Hydrothermal Aging and Humidity Exposure of Carbon and Basalt Fibers and Life Time Prediction

Abstract

Fibers as a reinforcement in polymer-based composite materials play an essential role in the composites’ mechanical performance. It is, therefore, crucial to understand how fibers are affected by different environmental conditions, such as water exposure at elevated temperatures. Even when embedded in a matrix material, i.e., a thermoset or thermosetting polymer, exposure to moisture may occur. Therefore, in many structural applications of fiber-reinforced polymer composites, moisture may have a significant impact on the reinforcing elements and the rate of degradation. The present work focuses on the effects of hydrothermal aging on the mechanical durability of long carbon and basalt fibers by immersion in tap water at 60 °C, 71 °C, and 82 °C. A service life prediction model based on the Arrhenius technique was explored.

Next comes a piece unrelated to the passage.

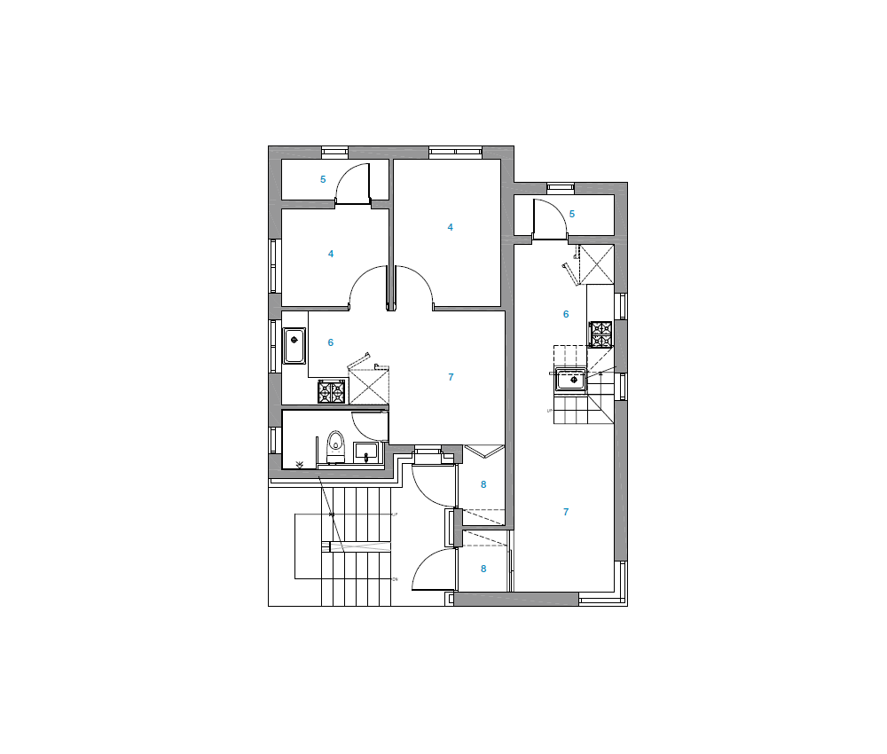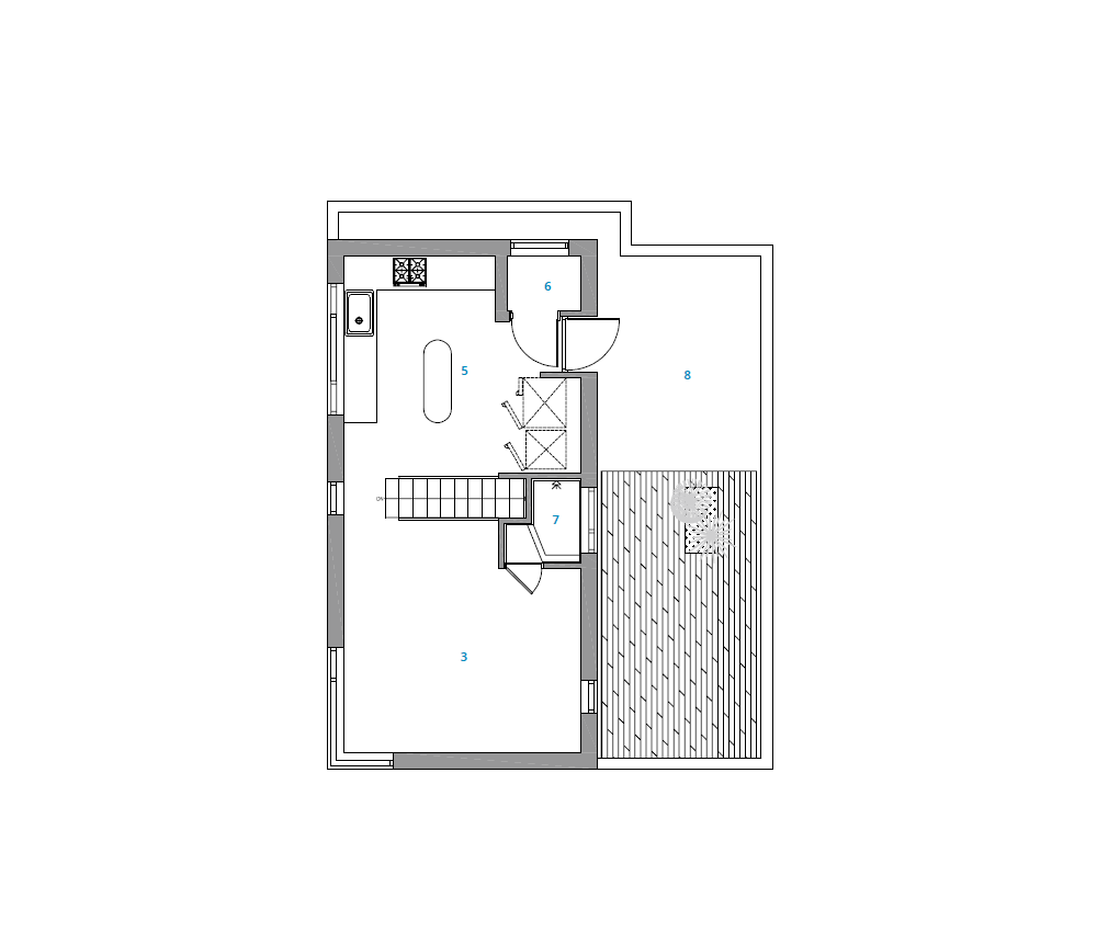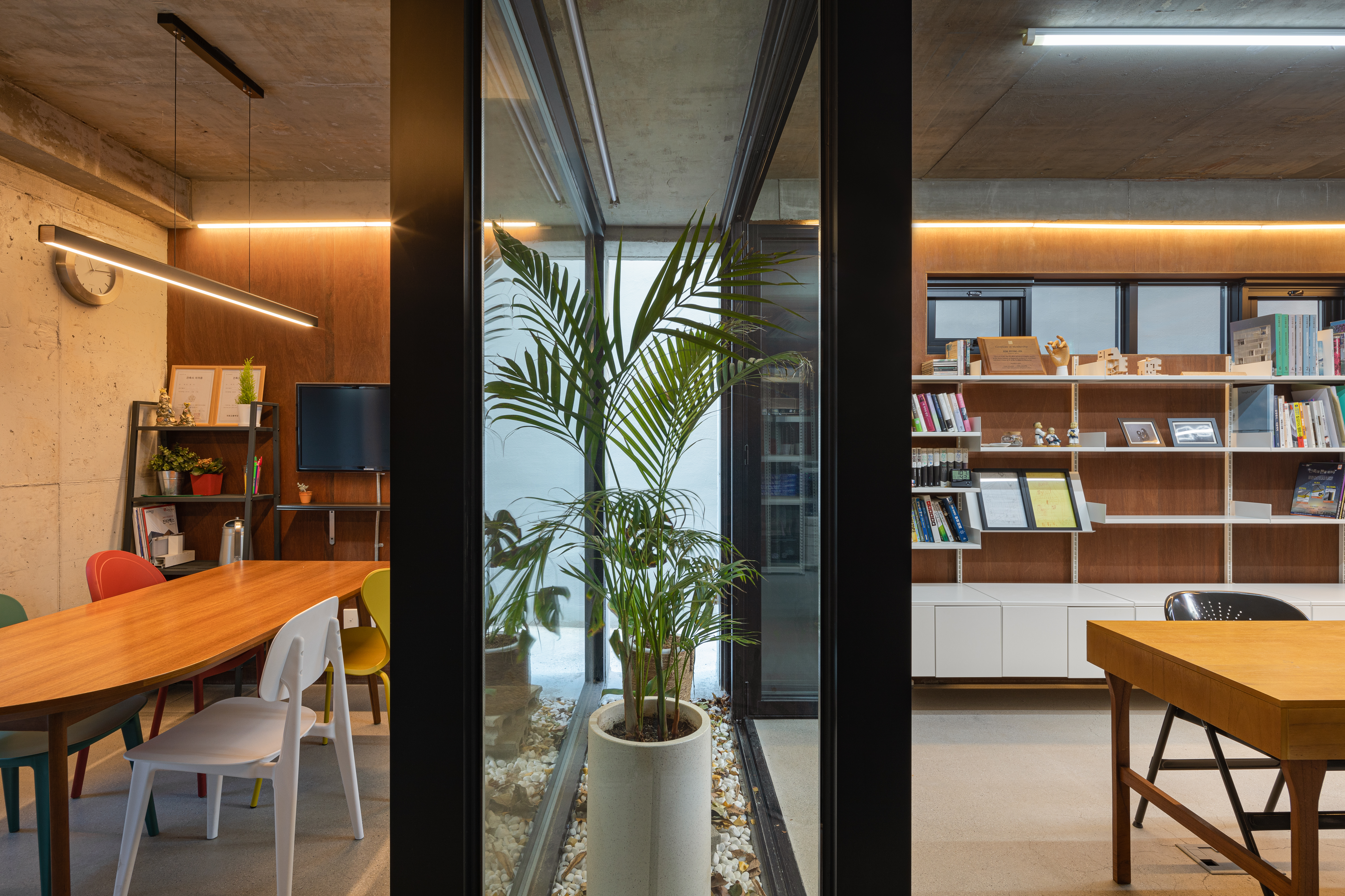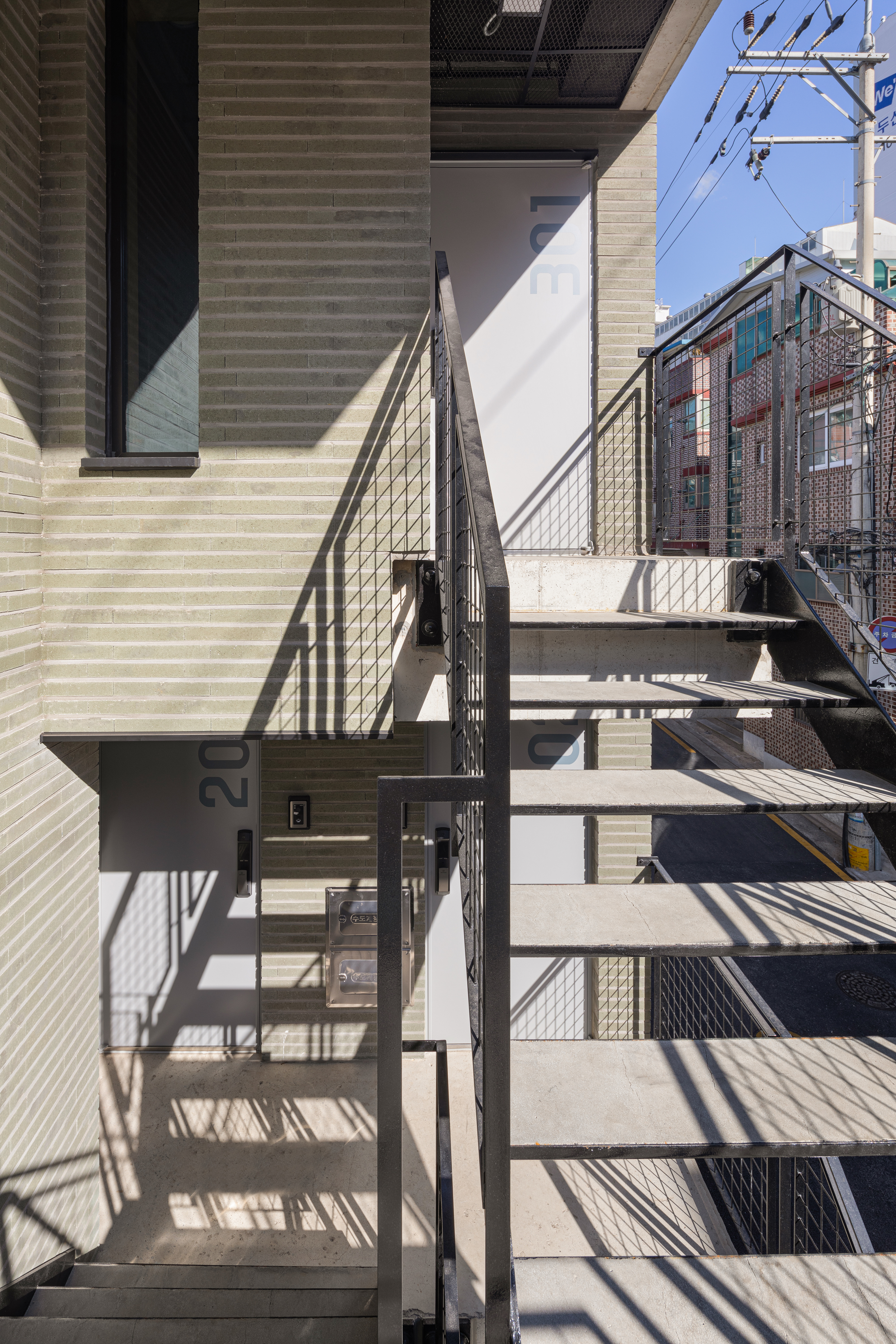 1층 근린생활시설 남쪽으로는 외부 환경 유입과 실내 환기 순환을 고려하여 슬릿한 오픈부를 만들어주었다. 그리고 마감재인 노출콘크리트와 시멘트 벽돌의 일차적인 물성을 건물 외부와 내부에서 이질감 없이 연계할 수 있도록 표현하였다. 단층의 투룸과 복층의 투룸으로 형성된 2층 임대 세대는 동네의 특성상 원룸의 수요보다는 신혼 부부나 젊은 세대의 수요가 많을 것이라 예상하였다. 건축주 세대인 3층 일부와 4층은 내부 계단을 둔 복층으로 계획하여 침실과 욕실을 콤팩트하게 3층에 계획하고, 거실과 주방과 옥상을 연계한 4층은 가족들이 온종일 머물 수 있도록 여유 있게 계획했다. 그리고 공용부는 법적인 최소의 면적을 유지하되 동네로 향한 생동감 있는 모습을 연출할 수 있도록 오픈된 철제 계단으로 계획하였다.

Using this model, it is possible to forecast the amount of time that it takes to attain a given degradation level over a specified range of temperatures. The present study also investigated changes in tensile strength in response to exposure to 90% humidity at 90 °C. In addition, the chemical elements released during aging in water were determined. Fourier-transform infrared spectroscopy and mass dissolution studies were conducted to elucidate the mechanism causing strength losses. Scanning electron microscopy was employed to evaluate changes of the fiber surface morphologies due to hydrothermal exposure.